Cleveland Park is the largest park in Greenville, South Carolina, much of its more than 120 acres being greenway along Richland Creek and the Reedy River near the city's "most elegant neighborhoods."

On December 31, 1924, with encouragement from Greenville Park Commission chairman John Alexander McPherson, prominent Greenvillean William Choice Cleveland donated a crescent-shaped 110 acres on the southeast side of town to be used as a park and playground, a recreational area he hoped would complement his new housing development, Cleveland Forest, and would include an equestrian park and paddocks where residents could board their horses. (Stables managed by private owners existed adjacent to the park until they were demolished in 2014.) In 1925, the city of Greenville created two baseball fields, a horse ring, and a playground, and the park officially opened on January 1, 1926.

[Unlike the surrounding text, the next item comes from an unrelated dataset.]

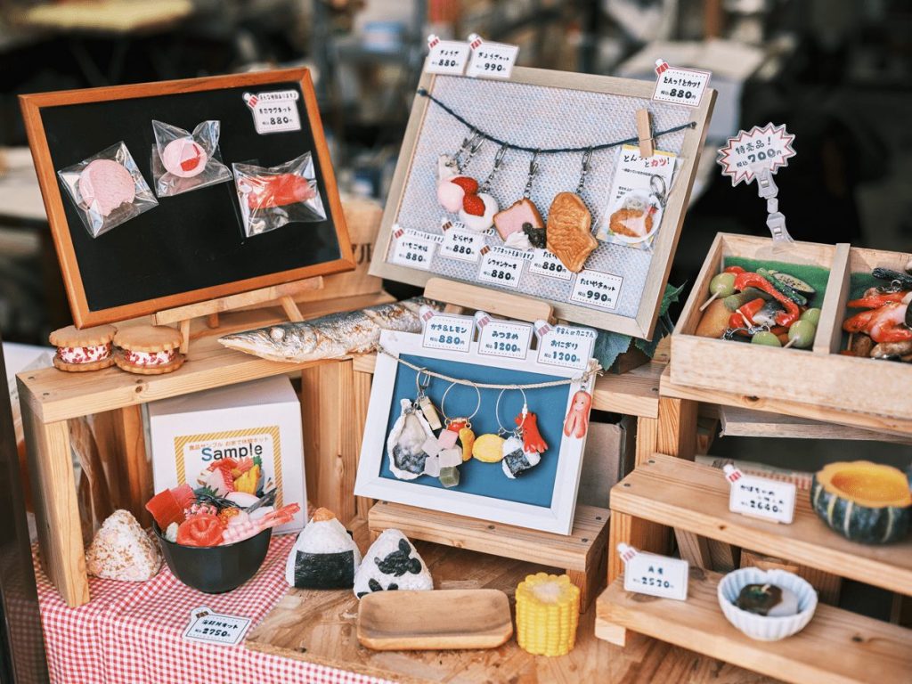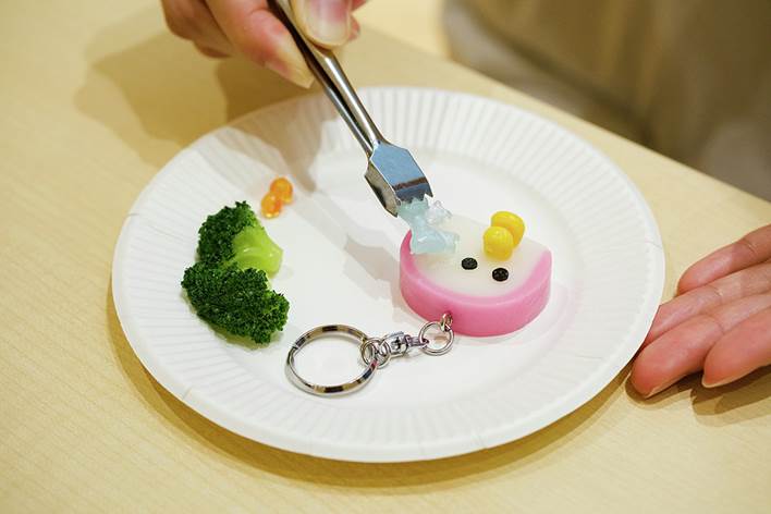 そんな食品サンプルの魅力を多くの人に伝えるべく、本多さんはさまざまなワークショップに取り組んでいる。「鈴廣かまぼこの里」では、「かまぼこキーホルダーづくり」を不定期で開催。かまぼこ・ちくわ・はんぺんなどの、鈴廣かまぼこの定番商品に、野菜や果物のパーツでデコレーションしオリジナルのキーホルダーをつくる人気のイベントだ。このほか、鈴廣の店内ディスプレイに使われている食品サンプルは、すべて小田原サンプルによるもの。買い物の際はぜひ注目してみよう。
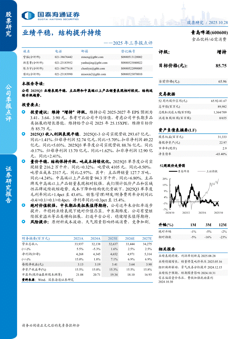 青岛啤酒:国泰海通证券-青岛啤酒-600600-2025年三季报点评:业绩平稳,结构提升持续-251028

By 1928, during the administration of Mayor Richard Watson, when a $110,000 bond issue to develop the park was approved, the park was surveyed at 126 acres. Land around the river was boggy and prone to flooding, a deficiency partially remedied during the Great Depression when the WPA channelized the river bed, greatly improving drainage.

In its earliest years the park included a Girl Scout meeting place and a nine-hole public golf course, built and abandoned in the 1930s. A swimming pool and skating rink were added in 1929; but in 1964, during the Civil Rights Movement, the whites-only pool was closed to prevent it from being integrated. First a sea lion exhibit replaced the pool, then a rose garden; finally in 1988, tennis courts replaced both garden and skating rink.

In 1930, the Greenville Garden Club began to renovate a Civil-War era rock quarry into the Rock Quarry Garden. The garden won a Better Homes and Gardens award in 1932; but by the 1960s, it was neglected and overgrown. Another renovation project revitalized the garden in the 1980s, and in the 21st century, the Rock Quarry Garden became a popular wedding and reception venue.

In the 21st century, the park, now adjacent to the Greenville Zoo, included a softball field, volleyball and tennis courts, several playgrounds, a Vietnam Veterans Memorial, and eight picnic shelters. The Swamp Rabbit Trail runs through the park, and it also includes the Fernwood Nature Trail, the Ramona Graham Fitness Trail, and the Troop 19 Trail. A distinctive landmark is the memorial to Rudolf Anderson, a Greenville native shot down over Cuba in October 1962, the only American casualty of the Cuban Missile Crisis. The Anderson memorial features an F-86 Sabre and panels explaining Anderson's life and mission.